**What is required:**
Set the listing down again exactly, please, apart from its pictures.

**Data excerpt:**
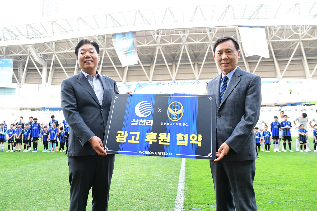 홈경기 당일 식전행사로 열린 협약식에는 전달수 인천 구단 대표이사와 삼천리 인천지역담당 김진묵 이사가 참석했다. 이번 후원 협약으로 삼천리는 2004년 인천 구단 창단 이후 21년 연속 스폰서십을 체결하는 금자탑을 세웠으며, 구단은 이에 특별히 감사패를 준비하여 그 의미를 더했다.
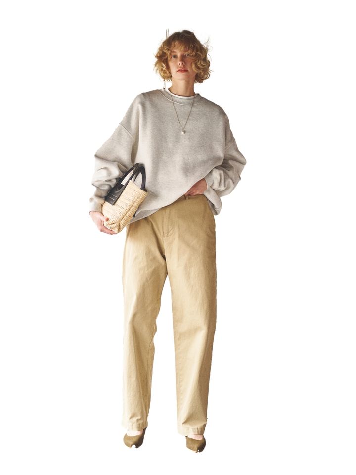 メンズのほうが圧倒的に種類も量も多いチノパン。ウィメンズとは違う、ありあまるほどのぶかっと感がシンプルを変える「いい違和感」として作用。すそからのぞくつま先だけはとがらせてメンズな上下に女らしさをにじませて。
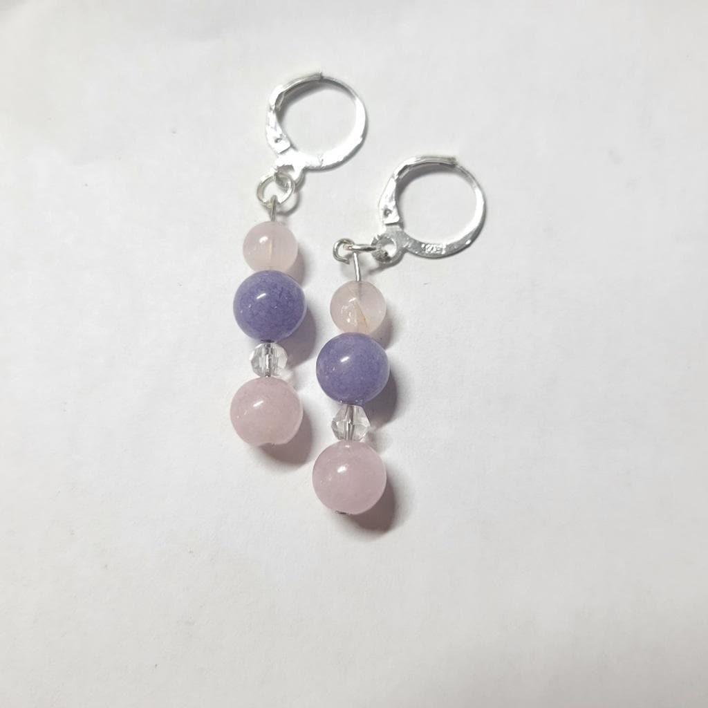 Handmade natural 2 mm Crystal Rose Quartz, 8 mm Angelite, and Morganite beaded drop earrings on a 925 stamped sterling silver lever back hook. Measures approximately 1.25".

**Written solution:**
 홈경기 당일 식전행사로 열린 협약식에는 전달수 인천 구단 대표이사와 삼천리 인천지역담당 김진묵 이사가 참석했다. 이번 후원 협약으로 삼천리는 2004년 인천 구단 창단 이후 21년 연속 스폰서십을 체결하는 금자탑을 세웠으며, 구단은 이에 특별히 감사패를 준비하여 그 의미를 더했다.
 メンズのほうが圧倒的に種類も量も多いチノパン。ウィメンズとは違う、ありあまるほどのぶかっと感がシンプルを変える「いい違和感」として作用。すそからのぞくつま先だけはとがらせてメンズな上下に女らしさをにじませて。
 Handmade natural 2 mm Crystal Rose Quartz, 8 mm Angelite, and Morganite beaded drop earrings on a 925 stamped sterling silver lever back hook. Measures approximately 1.25".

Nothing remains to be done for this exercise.